EarthBrowser (formerly Planet Earth) is a very cool program that displays a real-time picture of the earth that indicates cloud cover and day and night regions - as well as allowing you spin and zoom the globe in any which way you desire (you'll be sure to make your Geochron-owning friends mildly sick). In addition, it displays current weather conditions and 5-day forecasts for over 800 cities, making it a superb general-purpose weather program as well. It's Internet software merely because of how it gets its most valuable information (maps, current cloud cover, etc.) via the the Internet.
Version 3.2/3.2.1 adds/changes the following:
Upgrades from version 2.0 are discounted.
"EarthBrowser is a way cool example of what's next in Internet applications: special-purpose programs that focus on a specific kind of information, which they gather from sites across the net and integrate for you.

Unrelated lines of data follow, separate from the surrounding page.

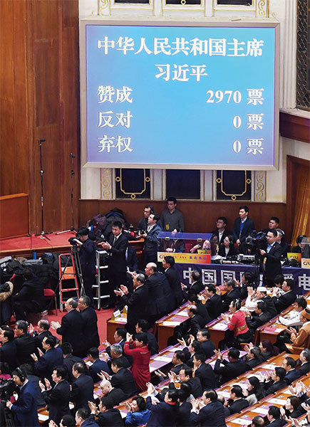 金正恩害怕習近平連任後會一直嚴厲制裁北韓,於是積極求見川普,最後才有了6月12日的川金會。圖為3月17日,習近平連任國家主席及軍委主席。(AFP)
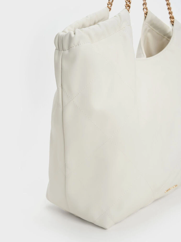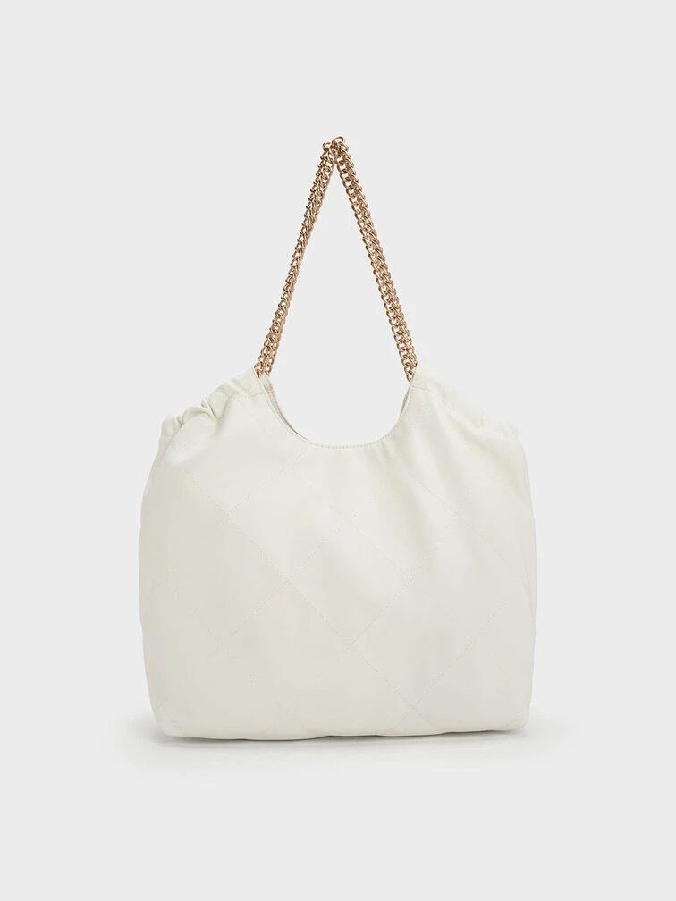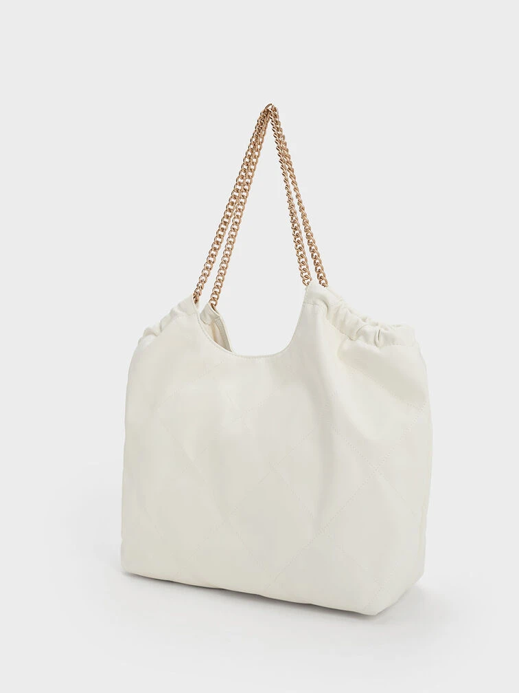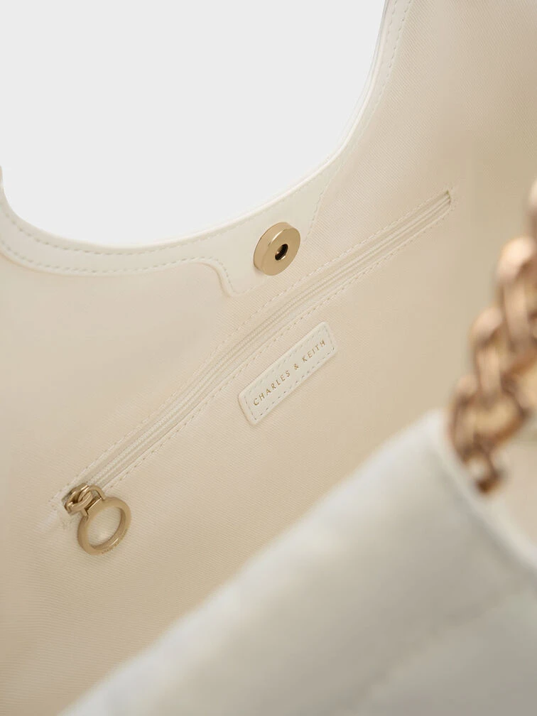 In match-all white, this neutral-toned iteration of our braided handle tote bag will slot seamlessly into your wardrobe rotation. With a magnetic closure that opens to reveal a extra large and capacious interior and gold-toned braided chain double handles that are edgy and chic at once, this bag has all the makings of a style staple that you will want to use on repeat.
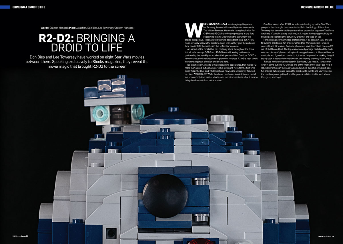 Posted by Huw,Blocks magazine Issue 79 is celebrating the release of the new LEGO Star Wars 75308 R2-D2 by having the talented experts who have brought R2-D2 to the screen share their stories and getting insights from the LEGO set designer.
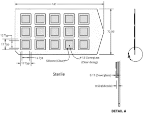 產(chǎn)品由上下兩部分構(gòu)成:上層是No.1.5厚度的玻璃蓋玻片,下層是0.5mm厚度的透明硅膠片,無菌包裝可直接使用。設(shè)計上硅膠片較玻璃片略大,比如蓋玻片12*12mm大小,下方的硅膠片17*17mm大小,產(chǎn)品大小特別適于培養(yǎng)皿和培養(yǎng)板使用。包裝時,背襯底板是透明大塑料板,一板15個,一包有5板(共計75個)。
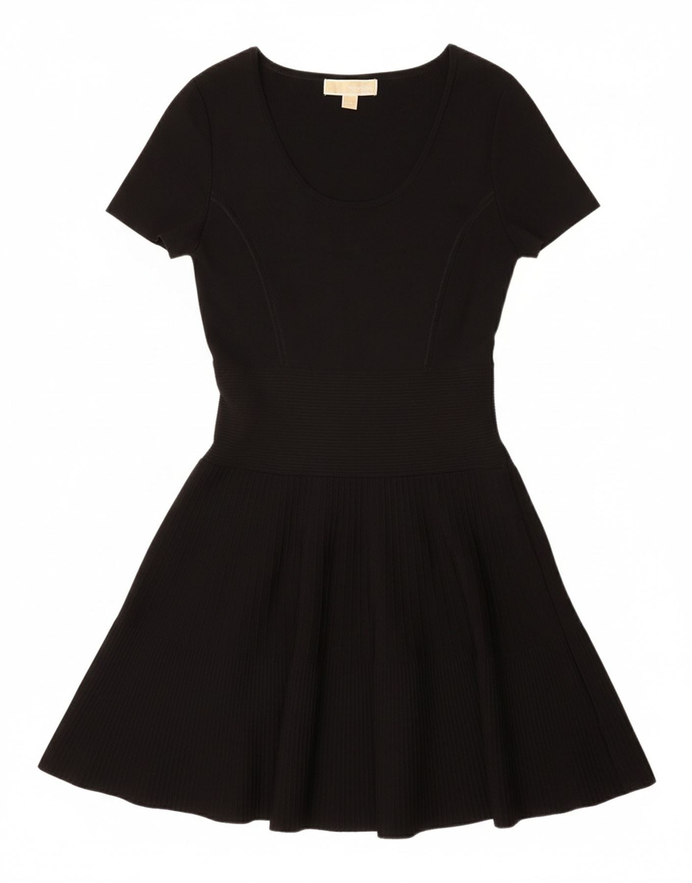 - Descriere AI: Această rochie leagăn pentru femei Michael Kors este realizată cu experiență dintr-un amestec moale de tricot negru din raion. Țesătura oferă elasticitate confortabilă pentru o mișcare ușoară. Are un decolteu rotund clasic și mâneci scurte. Această rochie pulover asigură o purtare fără efort. Potrivirea sa obișnuită creează o draperie măgulitoare și relaxată, completată de detalii subtile cu logo-ul.
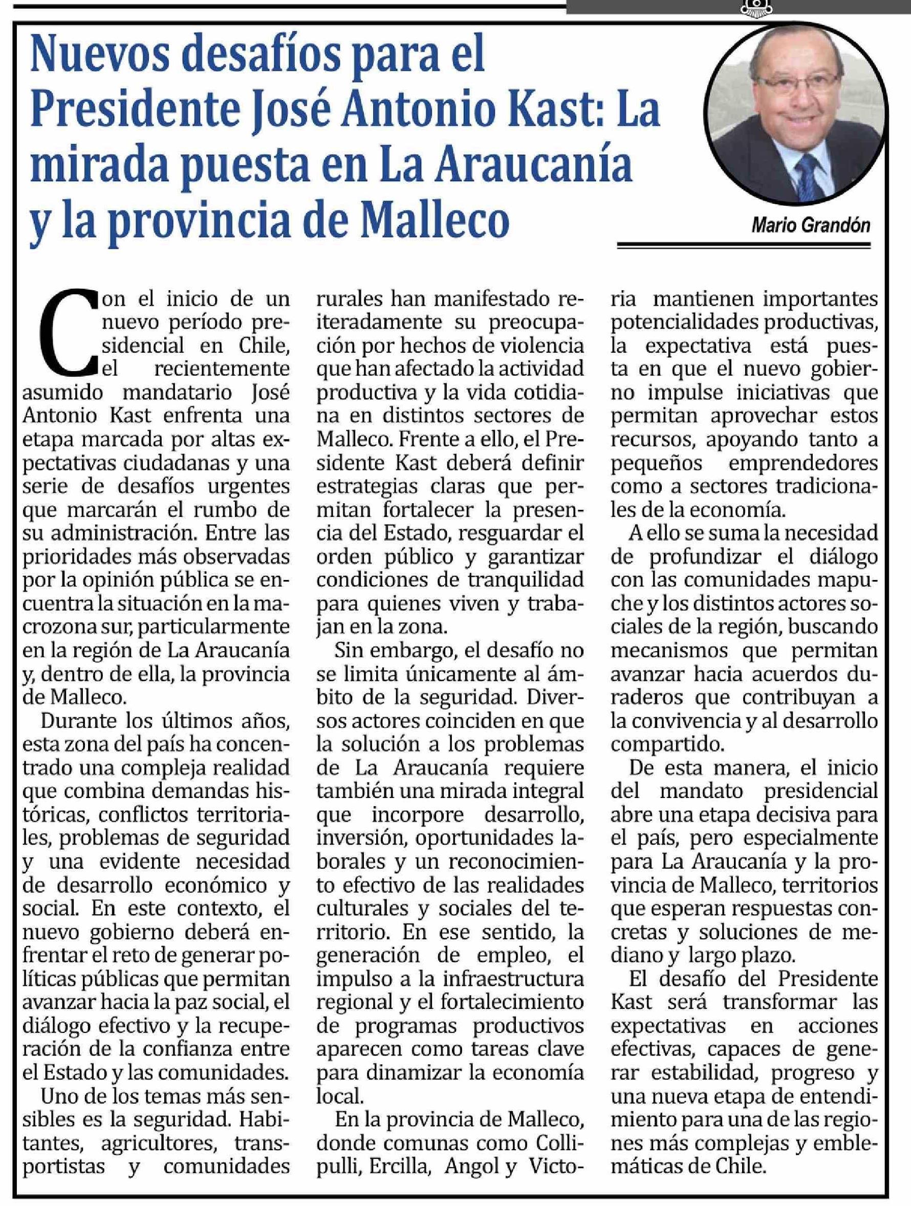 | Título: | Columnas de Opinión: Nuevos desafíos para el Presidente José Antonio Kast: La mirada puesta en La Araucanía y la provincia de Malleco |
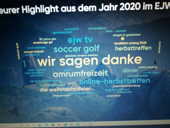 Mit Mentimeter, Kahoot! und Breakout-Rooms ... Schon relativ früh haben wir uns entschieden, unser alljährliche EJW Weihnachtsfeier online zu gestalten. Es gab weihnachtliche Impulse, zwischendurch Musik zum Anhören oder beim ausgeschalteten Mikro zum Mitsingen, eine Methoden Vielfalt, Dank der jungen engagierten Mitarbeiterinnen, eine Andacht einer Mitarbeiterin, die aus Berufs- und Studiengründen länger nicht mehr dabei sein konnte, aber sich jetzt wieder für das Online Weihnachts-Projekt gewinnen ließ. Alle Teilnehmenden der Weihnachtsfeier haben eine Weihnachtstüte per Boten oder per Post bekommen mit weihnachtlichem Tee, Süßigkeiten, einem kleinen Geschenk und einem Teil der Geschichte, die wir uns gegenseitig in 16 Abschnitten vorgelesen haben: "Mister Larrybee und sein Leuchtturm" - eine meiner Lieblingsgeschichte, die sehr gut in die Coronazeit passt: Ein vielbeschäftiger Geschäftsmann sucht über Weihnachten die Abgeschiedenheit in einem Leuchtturm. Er wird dort überraschender Weise von drei Männer besucht, die eigentlich den alten Leuchtturmwärter besuchen wollten. Mister Larrybee ist zunächst überrascht, dann aber doch dankbar über den Besuch in seinem einsamen Leuchtturm. Wir sehnen uns alle sehr nach realer Begegnung, Gemeinschaft oder einer herzlichen Umarmung. Bis das hoffentlich wieder möglich ist, rufen wir vielleicht mal eine alte Bekannte an oder schreiben einem Freund einen handschriftlichen Brief. Die Geschichte von der Geburt Jesu macht den Männern und vielleicht auch uns Mut, das Leben mit seinen momentanen Herausforderungen und mit der Hilfe Gottes zu bewältigen. Gottes reichen Segen für Euch alle und Frohe Weihnachten Hans-Conrad Blendermann PS: Vielen Dank für das Vorbereiten: Isabelle, Michelle und Svenja und vielen Dank für 16 Teilnehmende bei der Online Weihnachtsfeier, die viel Spaß gemacht hat.
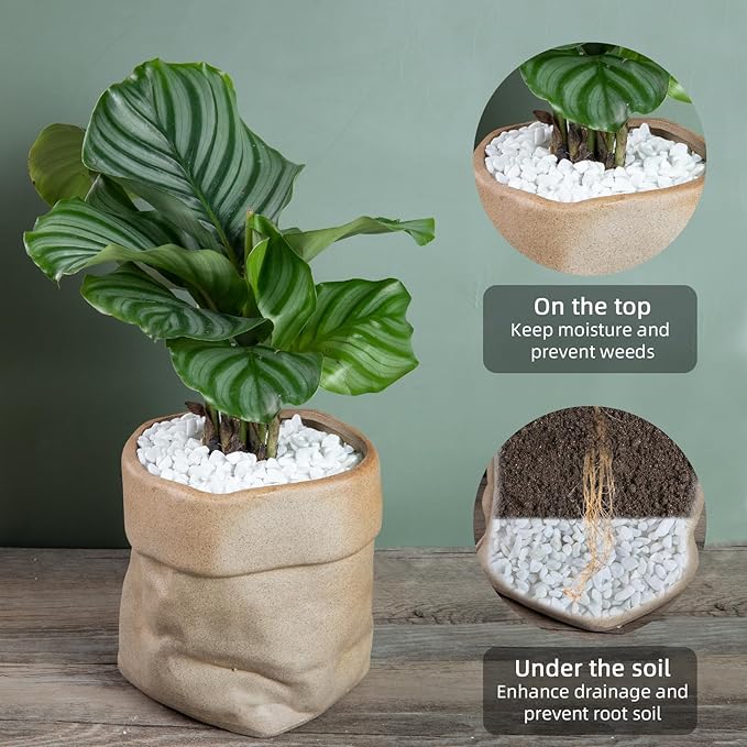 - 【Protect Plants】Ausluru silica gravel can protect your plants. They can absorbs excess heat and improve drainage, help with soil moisture retention in summer and insulate plants by keeping the cold away from their roots in winter.
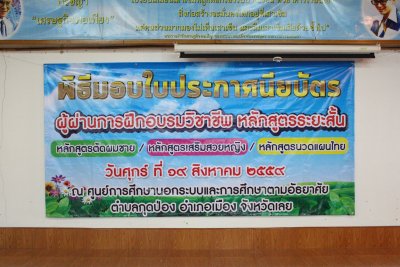 เมื่อวันที่ ๑๙ สิงหาคม ๒๕๕๙ นายสุพัฒน์ สุวรรณสิงห์ ผอ.กศน.อำเภอเมืองเลย เป็นประธานพิธีมอบวุฒิบัตรผู้ผ่านการอบรมหลักสูตรระยะสั้นช่างตัดผมชาย ๕๐ ชั่วโมง ๑๘ คน หลักสูตรระยะสั้นช่างเสริมสวย ๕๐ ชั่วโมง ๑๖ คน และหลักสูตรระยะสั้นนวดแผนไทย ๑๐๐ ชั่วโมง ๒๒ คน ณ ห้องประชุมคุรุสัมนาคาร กศน.อำเภอเมืองเลย จังหวัดเลย
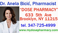 “DOSE PHARMACY“: VAŠE ZDRAVLJE – NAŠ PRIORITET Dobro došli u ”DOSE PHARMACY”, 633 5th Ave, Brooklyn, NY 11215 U ”DOSE PHARMACY” nudimo pouzdanu stručnost, sa ljubaznom uslugom, kako bismo vam pružili sve što vam je potrebno za bolje zdravlje. USLUGE: Izdavanje ljekova - brzo, tačno i pouzdano, vakcinacija protiv gripa, imunizacija djece, mjerenje krvnog pritiska i glukoze. Besplatni stručni savjeti i konsultacije - Naši farmaceuti su uvjek tu da vam pomognu. Mi prihvatamo sve vrste osiguranja: Medicare, Medicaid, Optum, United Healthcare, EmblemHealth, Healthfirst, CVS Caremark, Humana, Blue Cross Blue Sheild, Anthem, Metroplus, Medco, Cigna, Metro Plus, Express Scripts, Fedelis, Aetna, Med Impact, OTC Benefits. Besplatna dostava - Dobijate diskretno svoje lekove na kućnu adresu Posjetite nas već danas na: Dr. Anela Bicić, Pharmacist “DOSE PHARMACY” 633 5th Ave, Brooklyn, NY 11215 tel. 347-725-4999 www.mydosepharmacy.com

Today's browsers are all about gathering information: which information you gather, and how you put it together is up to you. Earth Browser is all about the weather: you don't need to know it's using the Internet: it just does -- all you need is an interest in weather, earthquakes, volcanoes and the like. Earth Browser gathers raw data and images from public and private web sites around the world (including recent satellite cloud-cover images) and integrates them into a very nicely-rendered 3D view of current conditions around the world. Think of it as a personal version of your weatherman's workstation -- right down to those happy little animated icons for current conditions in selected cities. There are plenty of display and customization options, including which cities get those happy little icons at various zoom levels: show New York, LA, Paris and London in the big view, and Pittsburgh, Paga-Pago and Timbuktu in the close-ups. Clicking the weather icon for a city pops up a window showing current conditions and a five-day forecast. Clicking on the optional markers for recent volcanoes, earthquakes, and webcams (the only disappointment of the whole package was the small number of webcams shown) pops up special windows or opens a browser window to show more info. I'm not sure how many people will spend $20 to get rid of the annoying banner that floats across the screen periodically, but anyone who's interested in what a next-generation web-enabled application looks like -- or has a healthy curiosity about the world and the weather -- would be well rewarded by doing so."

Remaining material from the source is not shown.